> [What is required]:
Print nothing but the lines from the start of the listing below through the line that contains "Színes csillámos (lánc, karkötő, fülbevaló, gyűrű)". Do not include the pictures.

> [Material provided]:
*** Begin section ***
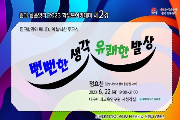 [제주교통복지신문 김강석 기자] 대구시교육청은 오는 6월 22일 19:00, 대구미래교육연구원에서 ‘2023. 학부모 아카데미 제2강’을 운영한다.
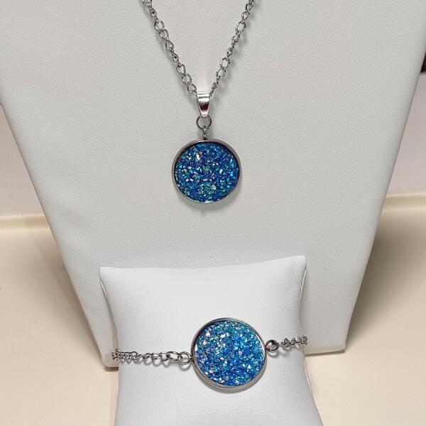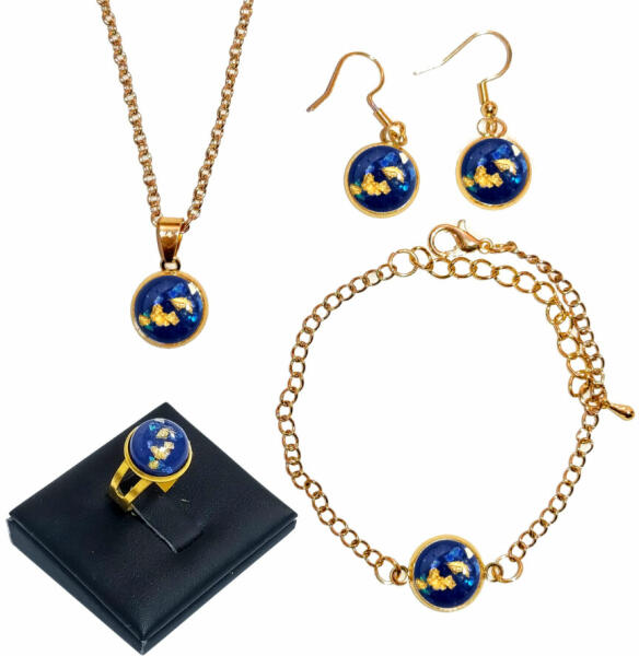 Színes csillámos (lánc, karkötő, fülbevaló, gyűrű) szett, arany és ezüst színben. A szett tartalma: medál lánccal, fülbevaló, karkötő, rendelhető arany és ezüst színekben. Válaszd ki a listából, hogy arany vagy ezüst színben, és milyen méretben kéred, vagy írd be rendeléskor a MEGJEGYZÉSBE. Az alapár 50 cm-es láncot és 17 cm-es karkötőt, állítható gyűrűt
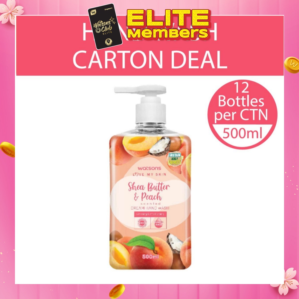 WATSONS Shea Butter & Peach Scented Cream Hand Wash (Softening & Moisturising, Dermatologically Tested) 500ml X 12 Bottles Per Carton
*** End section ***
> [Answer section]:
 [제주교통복지신문 김강석 기자] 대구시교육청은 오는 6월 22일 19:00, 대구미래교육연구원에서 ‘2023. 학부모 아카데미 제2강’을 운영한다.
 Színes csillámos (lánc, karkötő, fülbevaló, gyűrű) szett, arany és ezüst színben. A szett tartalma: medál lánccal, fülbevaló, karkötő, rendelhető arany és ezüst színekben. Válaszd ki a listából, hogy arany vagy ezüst színben, és milyen méretben kéred, vagy írd be rendeléskor a MEGJEGYZÉSBE. Az alapár 50 cm-es láncot és 17 cm-es karkötőt, állítható gyűrűt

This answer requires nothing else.